■ SUPPLIED RECORDS:

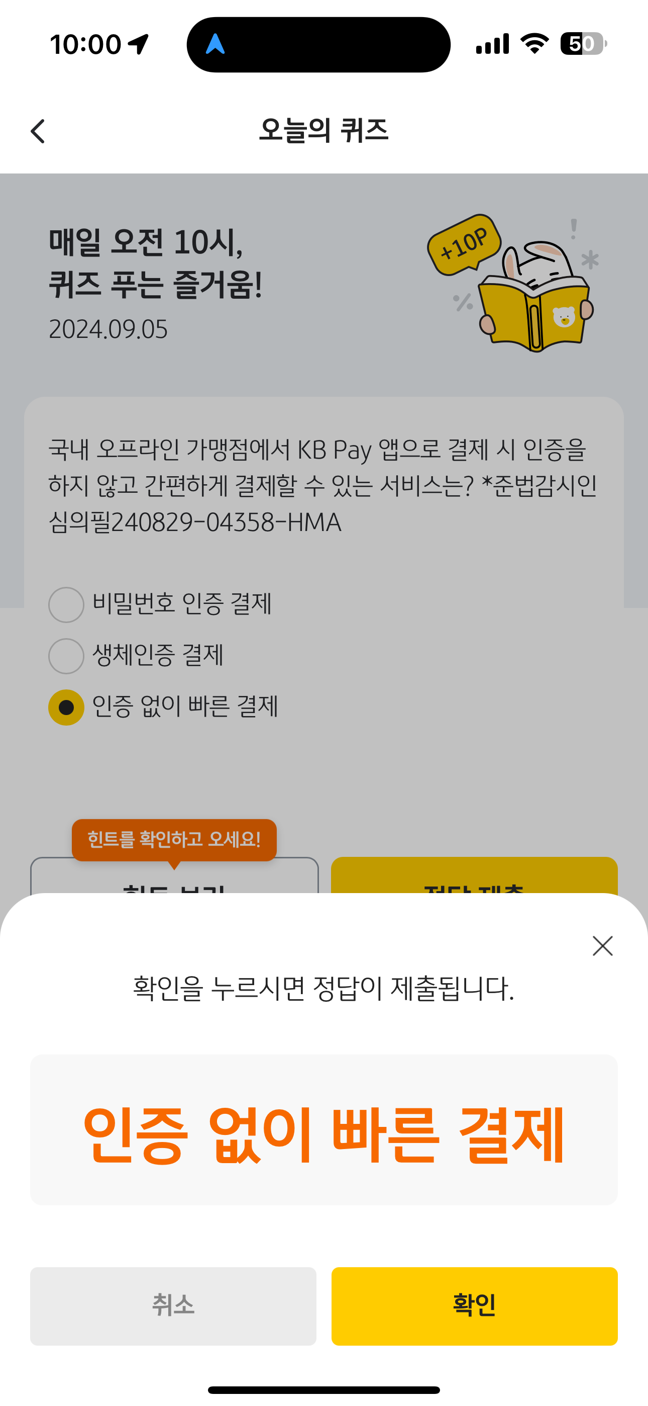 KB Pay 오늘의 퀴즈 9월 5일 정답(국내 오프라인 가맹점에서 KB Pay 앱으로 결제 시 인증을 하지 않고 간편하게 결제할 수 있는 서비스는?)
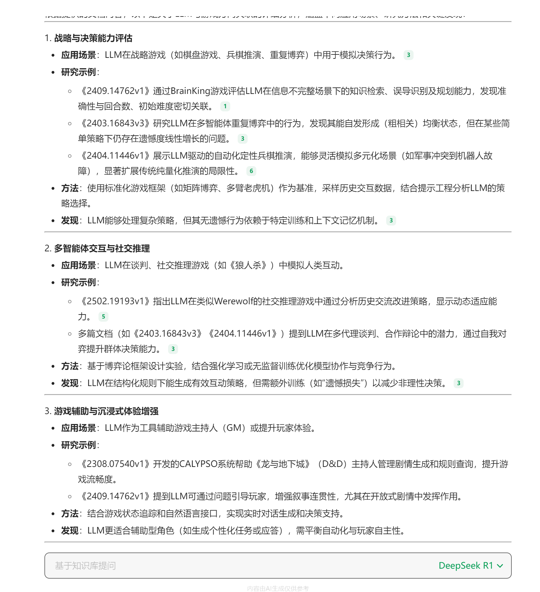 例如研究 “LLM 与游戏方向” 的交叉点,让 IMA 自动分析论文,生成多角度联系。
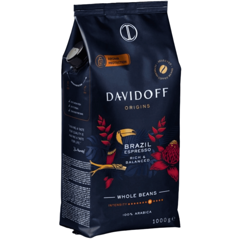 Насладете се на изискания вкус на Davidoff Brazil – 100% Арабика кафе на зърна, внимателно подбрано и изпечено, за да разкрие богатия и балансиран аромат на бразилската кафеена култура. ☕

...

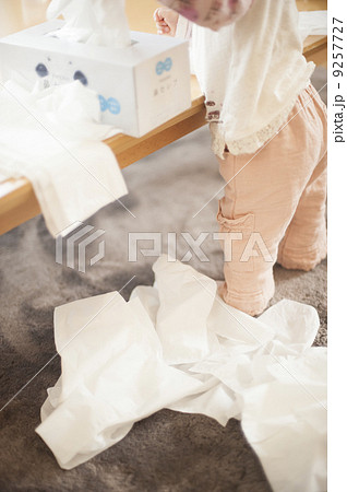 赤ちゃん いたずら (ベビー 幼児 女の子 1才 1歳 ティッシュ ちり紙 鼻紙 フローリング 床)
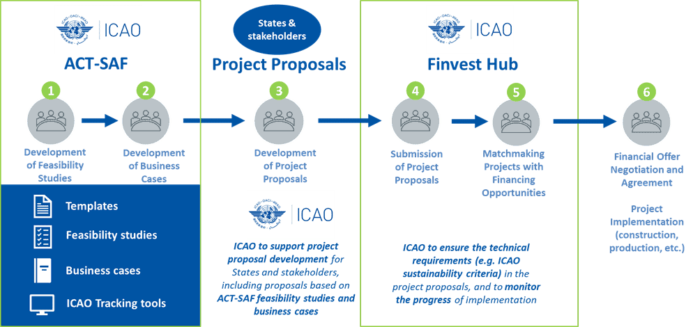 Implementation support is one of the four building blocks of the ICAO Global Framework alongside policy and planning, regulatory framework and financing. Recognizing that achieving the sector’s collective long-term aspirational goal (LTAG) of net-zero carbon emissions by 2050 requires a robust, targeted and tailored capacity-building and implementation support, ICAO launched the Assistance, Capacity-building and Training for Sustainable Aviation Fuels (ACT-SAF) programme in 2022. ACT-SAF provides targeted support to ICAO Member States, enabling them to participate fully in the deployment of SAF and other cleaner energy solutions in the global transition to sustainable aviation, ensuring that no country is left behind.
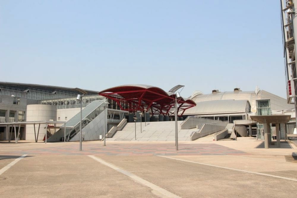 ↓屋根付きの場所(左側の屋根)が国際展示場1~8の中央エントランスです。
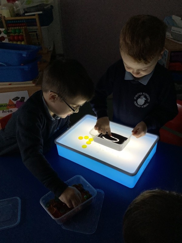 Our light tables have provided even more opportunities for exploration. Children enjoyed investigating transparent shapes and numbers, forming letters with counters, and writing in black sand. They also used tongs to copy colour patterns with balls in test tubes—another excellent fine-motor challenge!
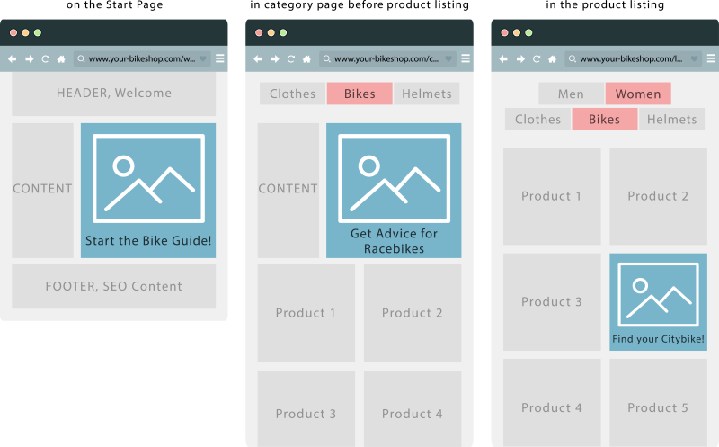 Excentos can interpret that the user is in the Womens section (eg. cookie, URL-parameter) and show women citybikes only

■ WHAT TO DO: All that should be printed is the run of lines above from the one with "KB Pay 오늘의 퀴즈" through the one with "Насладете се на", both included, exactly as given, with pictures left out.

■ OUTPUT FOR THIS EXERCISE:
 KB Pay 오늘의 퀴즈 9월 5일 정답(국내 오프라인 가맹점에서 KB Pay 앱으로 결제 시 인증을 하지 않고 간편하게 결제할 수 있는 서비스는?)
 例如研究 “LLM 与游戏方向” 的交叉点,让 IMA 自动分析论文,生成多角度联系。
 Насладете се на изискания вкус на Davidoff Brazil – 100% Арабика кафе на зърна, внимателно подбрано и изпечено, за да разкрие богатия и балансиран аромат на бразилската кафеена култура. ☕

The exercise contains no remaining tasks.